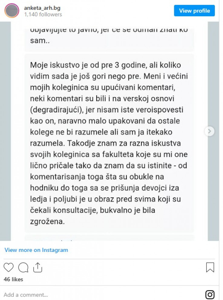Prenosimo vam samo neke od ispovjesti, koje su objavljene na Instagram nalogu anketa_arh.bg.
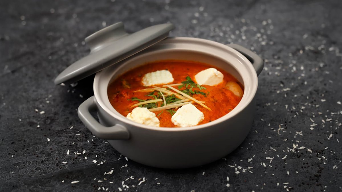 Delikatne kostki sera paneer zanurzone w aromatycznym sosie na bazie cebuli, świeżej kolendry i pomidorów oraz nutą liści kozieradki. Zdjęcie poglądowe
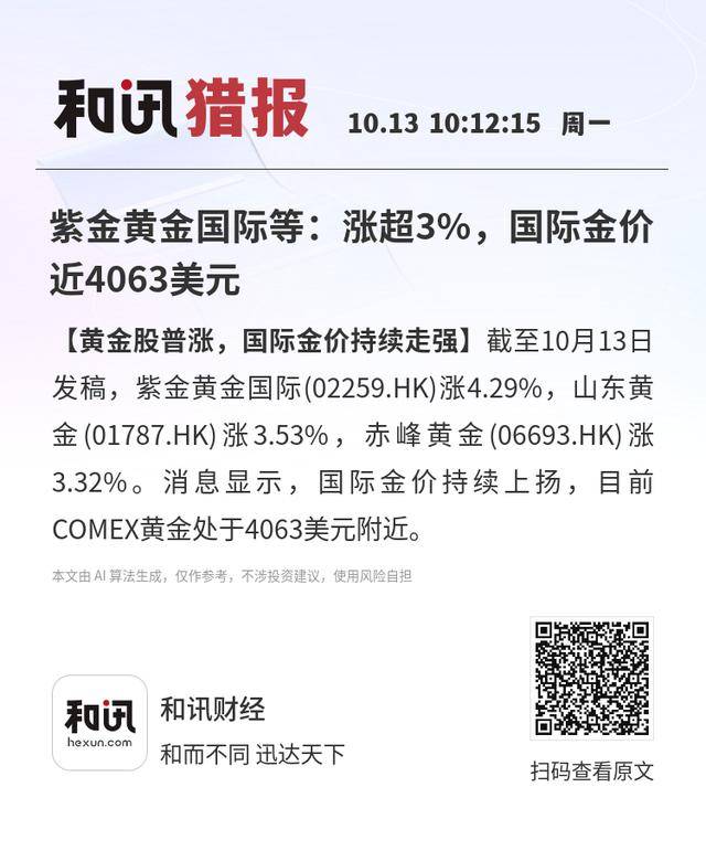 【黄金股普涨,国际金价持续走强】截至10月13日发稿,紫金黄金国际(02259.HK)涨4.29%,山东黄金(01787.HK)涨3.53%,赤峰黄金(06693.HK)涨3.32%。消息显示,国际金价持续上扬,目前COMEX黄金处于4063美元附近。
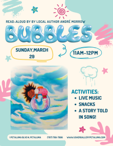 Join us on Sunday, March 29th, from 11am-12pm, for a fun children’s read-aloud of Bubbles by local author André Morrow! All are welcome to join us in reading and celebrating this musical tale. We’ll be featuring live children’s songs, snacks, and an engaging storytime. “Bubbles” is a whimsical story that teaches young readers to appreciate all the wonderful little things in life, like playing with pets and family, blowing bubbles, and enjoying the outdoors. The story highlights gratitude in a playful and educational way!
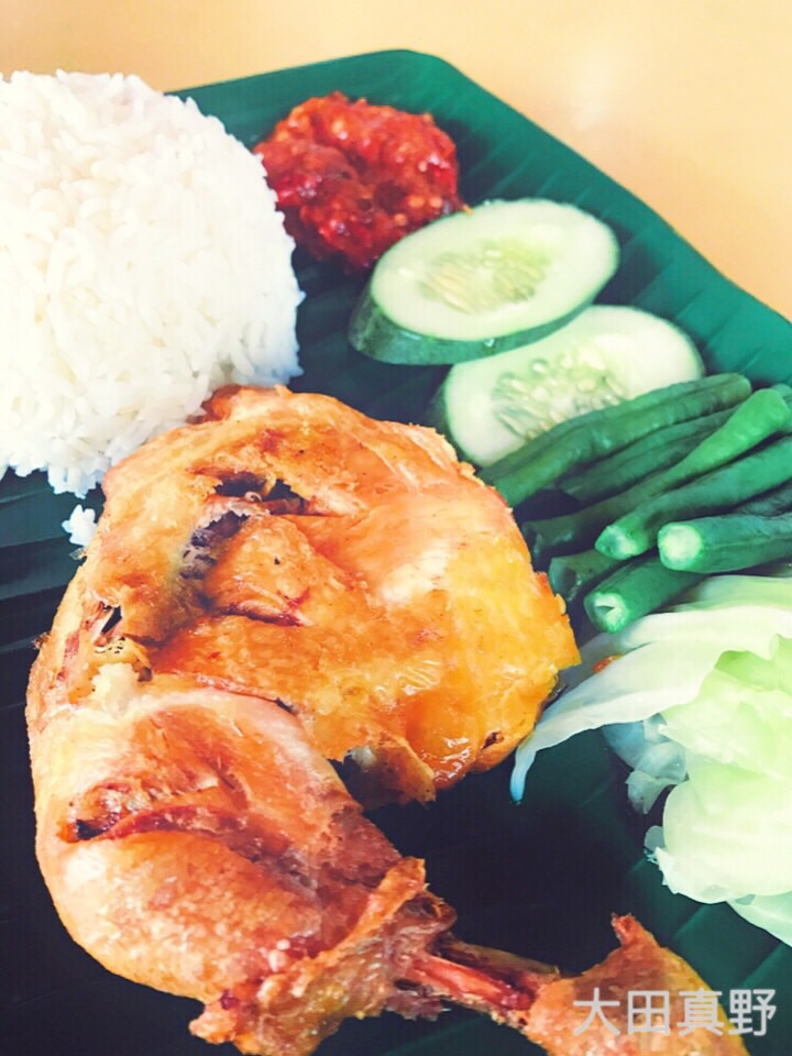 Ayam penyet,當時還沒有忌葷。菜單裡就這個看著沒吃過,沒想到是道爪哇菜。雞腿外的雞皮被炸的乾乾的,脆多酥少,味道沒有什麼特別。

==========

WHAT THE TASK ASKS:
All of the data above must be printed exactly, minus its pictures.

EXPECTED ANSWER:
Prenosimo vam samo neke od ispovjesti, koje su objavljene na Instagram nalogu anketa_arh.bg.
 Delikatne kostki sera paneer zanurzone w aromatycznym sosie na bazie cebuli, świeżej kolendry i pomidorów oraz nutą liści kozieradki. Zdjęcie poglądowe
 【黄金股普涨,国际金价持续走强】截至10月13日发稿,紫金黄金国际(02259.HK)涨4.29%,山东黄金(01787.HK)涨3.53%,赤峰黄金(06693.HK)涨3.32%。消息显示,国际金价持续上扬,目前COMEX黄金处于4063美元附近。
 Join us on Sunday, March 29th, from 11am-12pm, for a fun children’s read-aloud of Bubbles by local author André Morrow! All are welcome to join us in reading and celebrating this musical tale. We’ll be featuring live children’s songs, snacks, and an engaging storytime. “Bubbles” is a whimsical story that teaches young readers to appreciate all the wonderful little things in life, like playing with pets and family, blowing bubbles, and enjoying the outdoors. The story highlights gratitude in a playful and educational way!
 Ayam penyet,當時還沒有忌葷。菜單裡就這個看著沒吃過,沒想到是道爪哇菜。雞腿外的雞皮被炸的乾乾的,脆多酥少,味道沒有什麼特別。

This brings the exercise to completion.